Ok, let them find the specific thing they’re looking for as a gimme, but what about applying a penalty to the roll for finding anything else?
No, that’s even worse. Conceptually it might make some sense that focusing on one thing makes it less likely to spot other things, but that means a priori the player is making an uninformed choice between having a flat roll for everything or a roll with a penalty for everything but one thing. It just doesn’t make sense to take that bargain, so it discourages players from getting specific about what they’re looking for. The goal is to encourage players to go beyond “I roll my Search skill” and put some real thought into it: the way to do that is make sure they’re never worse off for having tried.
What do you mean by no pixel-bitching?
Pixel-bitching is when in a video game it’s not just enough to click on a wall, you have to click on the exact right pixel out of hundreds on the wall, so you just have to keep moving the pointer tiny increments and trying again. In tabletop RPGs that means making the players guess the exact right thing instead of just anything that would work if it were a physical problem. For instance, if the chest is guarded by a trap that’s set off by a trip-wire right in front of the chest and the player says “I look for a pressure plate in front of the chest” it’s pixel-bitching to tell them “You don’t see a pressure plate” without mentioning the trip-wire that’s right there. Obviously if the character’s getting right down there and looking at the floor trying to spot a pressure plate or switch then they’re going to see the trip-wire in front of their face.

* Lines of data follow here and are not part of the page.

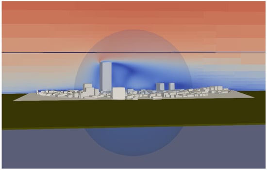 The geometry for the CFD model is created based on the CAD files provided by the AIJ Database (Available at https://www.aij.or.jp/jpn/publish/cfdguide/index_e.htm; accessed on 20 October 2025). A box-shaped computational domain with dimensions 1600 m × 1000 m × 360 m was used. A west wind direction was chosen for this study as it is among the predominant ones, as shown by AIJ []. The inlet boundary is defined as a velocity inlet with profiles for velocity and the turbulent properties taken as described by AIJ []. A zero-pressure Dirichlet boundary condition is assigned to the outlet, while the top and side walls are modeled with symmetry boundary conditions. The building walls and the ground are represented by a no-slip wall boundary condition with a sand-grain height of 0.72 m prescribed to the ground. A single wind direction and velocity using the experimental wind velocity profile have been used for this study.
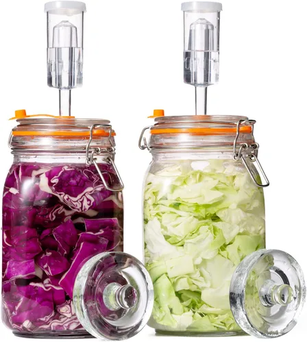 Gran valor: el kit de fermentación de vidrio incluye 2 frascos de fermentación, 2 pesos de fermentación, 2 esclusas de aire, ojales de silicona y sello de silicona, solo necesitas este juego completo para comenzar a fermentar Material seguro: Tarro para chucrut, hecho de vidrio transparente y grueso SIN PLOMO, el tarro para encurtidos es seguro de usar, por favor esterilizar con agua tibia, temperatura menor a 60℃ grados Boca grande: el frasco de elaboración de cerveza con boca ancha y cuello, puedes meter fácilmente tus manos dentro Hermético: Equipado con tapa hermética con bisagras de sello SUS304, con goma de silicona, el kit de fermentador es hermético y perfecto para fermentar chucrut, vino, frutas y cualquier otro vegetal o alimento fermentado que te guste Fácil de usar y fácil de limpiar: el recipiente de fermentación es fácil de instalar y apto para lavavajillas
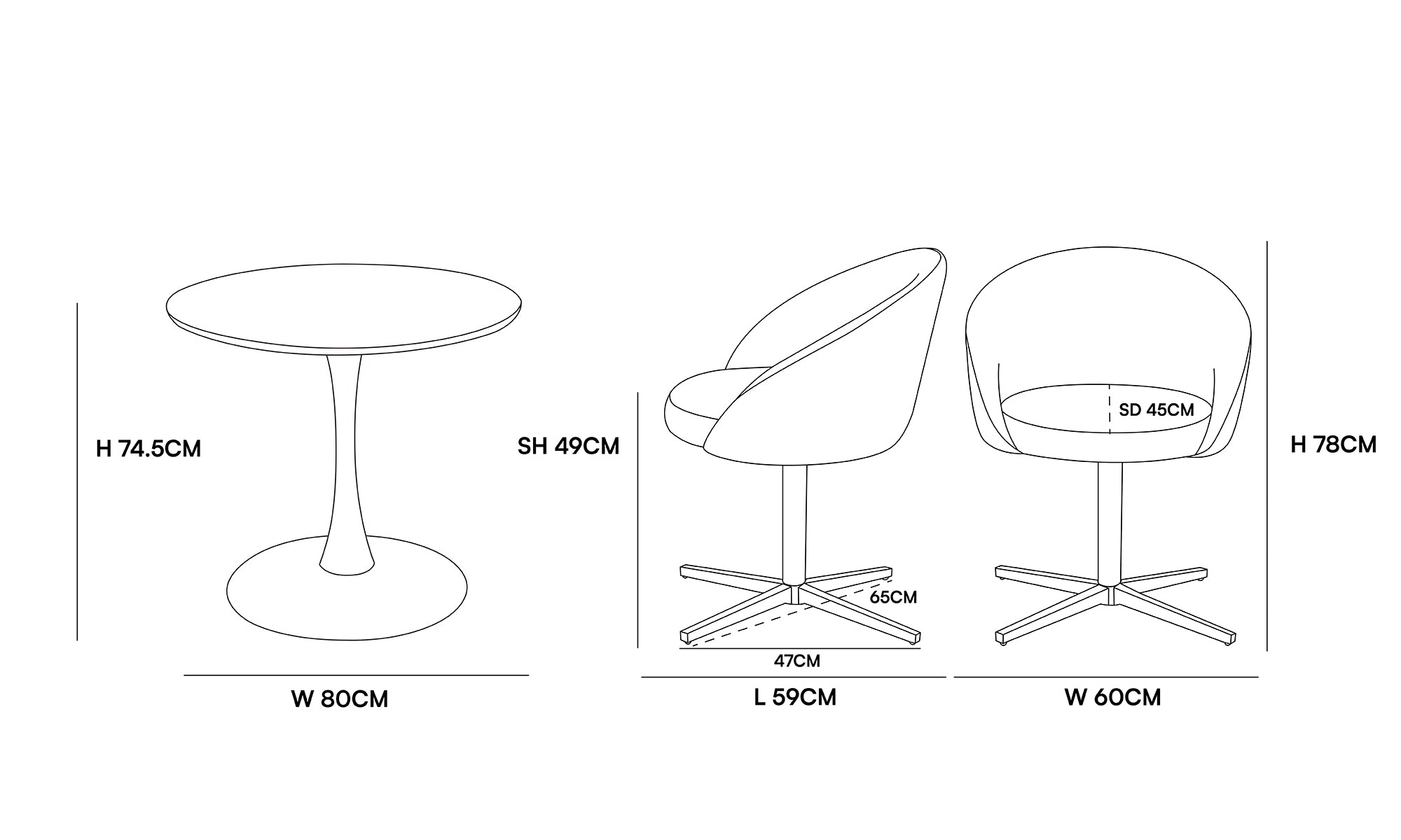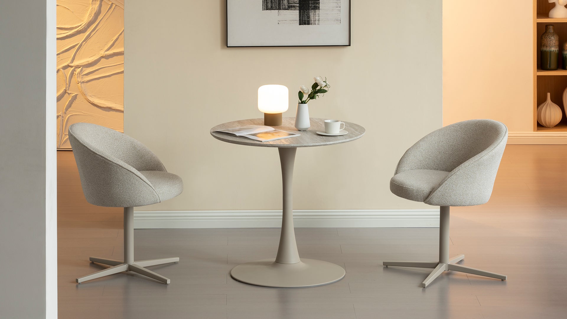 Acompañamos la mesa con dos de nuestros Sillones Giratorios Paislee. Su diseño con asiento giratorio 360º no es solo un detalle divertido, sino un plus de funcionalidad, facilitando la conversación y el movimiento. Tapizados en una elegante tela de lino, ofrecen una comodidad excepcional y una textura que invita al tacto. Son el complemento ideal para relajarse después de una buena comida o para disfrutar de una agradable conversación.

When they say they’re looking in a particular place or via a particular method, and the Judge should reveal to them whatever they would discover in that place by that method. It’s legitimate to ask for some more details if you’re not completely sure what they’re doing and what it would reveal (“Are you getting down with your face close to the flagstone to take a look? Or are you poking at it with your pole? Or something else?”) If there’s some ambiguity, give them the benefit of the doubt. If they’re pushing on the flagstone with their ten-foot pole to try to set off any pressure-plate traps, and it’s not clear whether the pole would necessarily touch the trip-wire that the Judge knows is there… just rule the pole does touch the trip-wire. They were looking in the right place for something that was there with a method that could plausibly reveal it, so reward their skill. Otherwise you risk teaching them that adding specificity in how they’re searching is an often fruitless game of “what number am I thinking of?” when it should be an opportunity to interact with the world to gain success where the straight dice-roll failed them.